Limerick men go on trial for Roy Collins murder

The Criminal Courts of Justice, Dublin

The Criminal Courts of Justice, Dublin


THE Special Criminal Court has heard that businessman Steve Collins was the intended target when his son Roy was murdered on the southside of the city more than five years ago.

Two Limerick men have gone on trial at the non-jury court accused of murdering the 35-year-old at the Coin Castle Amusements arcade, where he worked, on April 9, 2009.

Wayne Dundon, aged 36, of Lenihan Avenue, Prospect and Nathan Killeen, aged 24, of Hyde Road, Prospect only spoke in court this morning to confirm their names and formally plead not guilty.
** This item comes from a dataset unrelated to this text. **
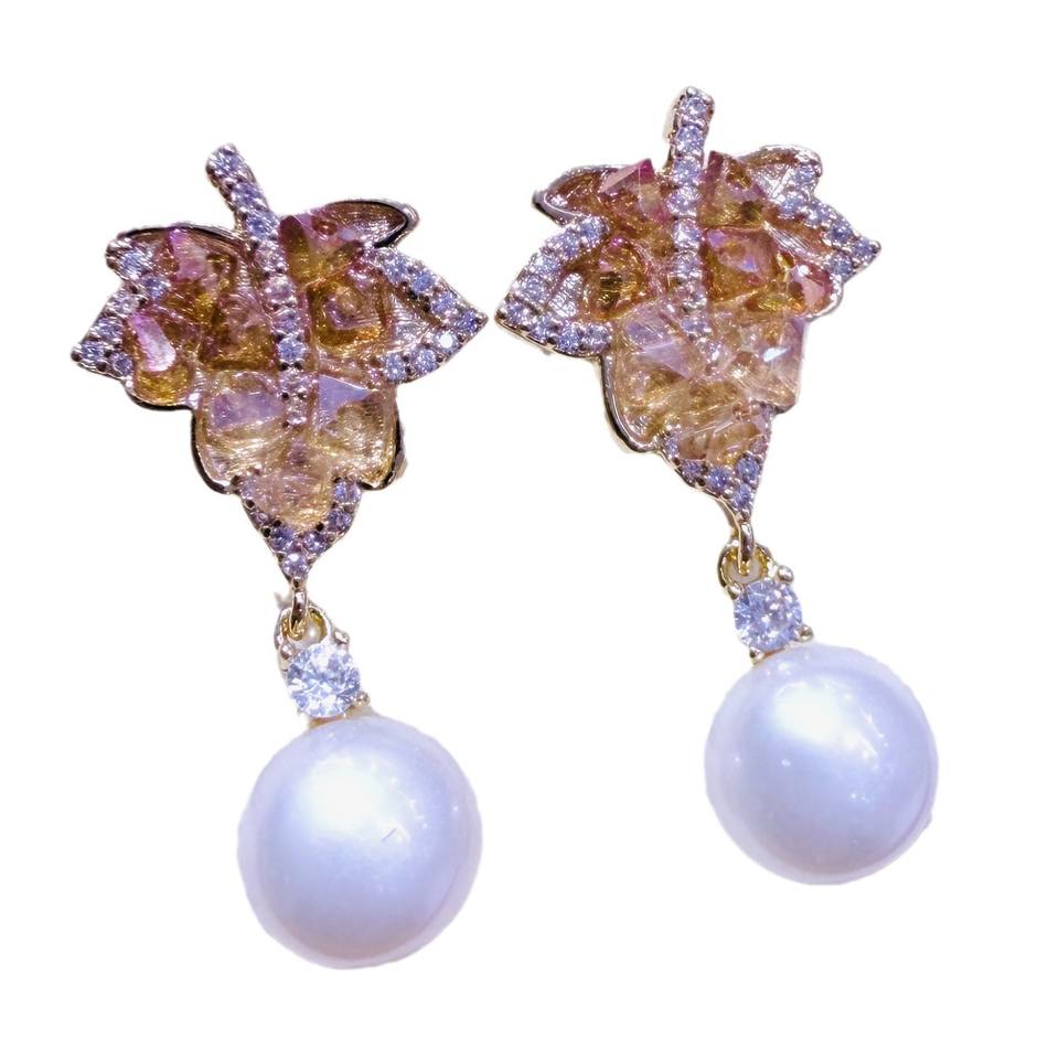 Zhuji Original Manufacturer's Freshwater Pearl Earrings Versatile Gradient Crystal Design Autumn Red Maple Fresh Sweet Fashion
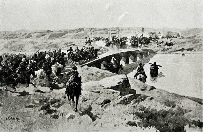 Ф. Рубо. Бой на Кушке (рисунок из статьи «Кушка», «Военная энциклопедия Сытина»). /Фото: upload.wikimedia.org Видный государственный деятель конца XIX-начала XX веков лорд Керзон дал точное объяснение мотивировки англичан: «Англия существует до тех пор, пока она владеет Индией. Не найдётся ни одного англичанина, который станет оспаривать, что Индию следует охранять не только от действительного нападения, но даже от одной мысли о нем. Индия, как малое дитя, нуждается в предохранительных подушках, и такой подушкой со стороны России является Афганистан». Эта страна считалась главными воротами в Индию, а, значит, именно её и надо было сделать барьером на пути возможной русской экспансии. С лёгкой руки англичан Афганистан, не имеющий полезных ископаемых, через который не проходят никакие торговые пути, раздираемый непрерывными внутренними междоусобицами, стал осью мировой политики. С целью полного утверждения в регионе Англия вела войну с Афганистаном (первая война – с 1831 по1842 гг., вторая – с 1878 по1880 гг.). В 1885 году разразился афганский кризис – обострение отношений между Англией и Россией, которое едва не привело к началу вооружённого конфликта. Причиной осложнения межгосударственных отношений стало овладение Мервским оазисом и продвижение в сторону Пенджде русской армии под командованием генерала А. В. Комарова. В1884 году в результате переговоров жителями Мервского оазиса в результате переговоров с представителями администрации Закаспийской области было добровольно принято российское подданство. Такое же решение приняли и другие туркменские племена, проживавшие в Пендинском и Иолатанском оазисах. Но самый южный оазис Пенде на реке Мургаб с 1833 года контролировался афганским эмиром. Англия (под управлением которой находился тогда Афганистан) требовала от него остановить продвижение русских к Пендже – в ста километрах от него на юг лежал древний Герат, за которым по равнинной части Афганистана можно было легко попасть в Индию. Россия предложила эмиру признать Пендже российской территорией и обозначить чёткую границу между странами. Афганцы не захотели уступить спорную землю мирным путём, вопрос был решён в боестолкновении русского и афганского отрядов на реке Кушка: отряд эмира проиграл сражение, а жители Пендже изъявили желание стать подданными России. Британии не нравилось, как складываются события, но России все же удалось путём дипломатических переговоров оставить за собой Пендинский оазис. А в 1887 году была официально утверждена русско-афганская граница. В период с 1890 по 1894 годы Россия и Англия соперничали в вопросе контроля над Памиром – горной страны, богатой полезными ископаемыми (золото, горный хрусталь, самоцветы, рубины, лазурит и другое), но не имевшей чётких границ. Это вызывало тревогу у соперников: Россия могла безо всяких нарушений проникнуть в Кашмир, Англия и Афганистан – в Ферганскую долину. Кроме них Памиром живо интересовался Китай. Англичане в 1891 году вторглись в северные земли современного Пакистана. Русские ответили встречной экспедицией, поэтому обеими сторонами было заключено соглашение, по которому одна часть Памира отходила России, другая – Афганистану, а ещё одна – к Бухарскому эмирату, контролируемому Россией. В 1894 году, чтобы снизить британскую активность в регионе, русские обустроили секретную к

Opening the trial, Michael O’Higgins SC, prosecuting, said it will be alleged that both men were involved in a common design and joint enterprise, which resulted in the killing of Roy Collins.

It is alleged that Mr Dundon was “designer and director” of the murder from his cell in Wheatfield prison and that Mr Killeen was the driver of the getaway car.

The gunman - James Dillon - is currently serving a life sentence and Mr O’Higgins said he would not trouble the court during the trial, which is expected to last several weeks.

The three judges - Ms Justice Iseult O’Malley, sitting with Judge Margaret Heneghan and Judge Ann Ryan - were told the State intends offering evidence from five key witnesses during the trial.

These include Gareth Keogh-Collins, his sisters Lisa and April as well as Anthony “Noddy” McCarthy and his brother Christopher McCarthy.

It is the prosecution case that in the days leading up to the murder, a car was stolen, a firearm organised and that Nathan Killeen was instructed to be the driver for James Dillion.

It is alleged the pair were told to go to the Steering Wheel bar and “whack Steve Collins in the pub”.

Mr O’Higgins said he expects that Gareth Keogh-Collins will testify that he was asked to be the driver and was offered up to €20,000 and heroin to carry out the hit, but that he refused to get involved.

Mr O’Higgins said evidence will be given by Anthony “Noddy” McCarthy, who is serving life in prison for the murder of Kieran Keane, that he overheard Wayne Dundon on the phone on the morning of the murder telling “James Dillion to go down and do Collins”.

Noddy McCarthy, he said, will also give evidence that he heard Dundon speak to his brother Dessie on the prison hallway in the wake of the murder saying that “Steve Collins thought I was joking”.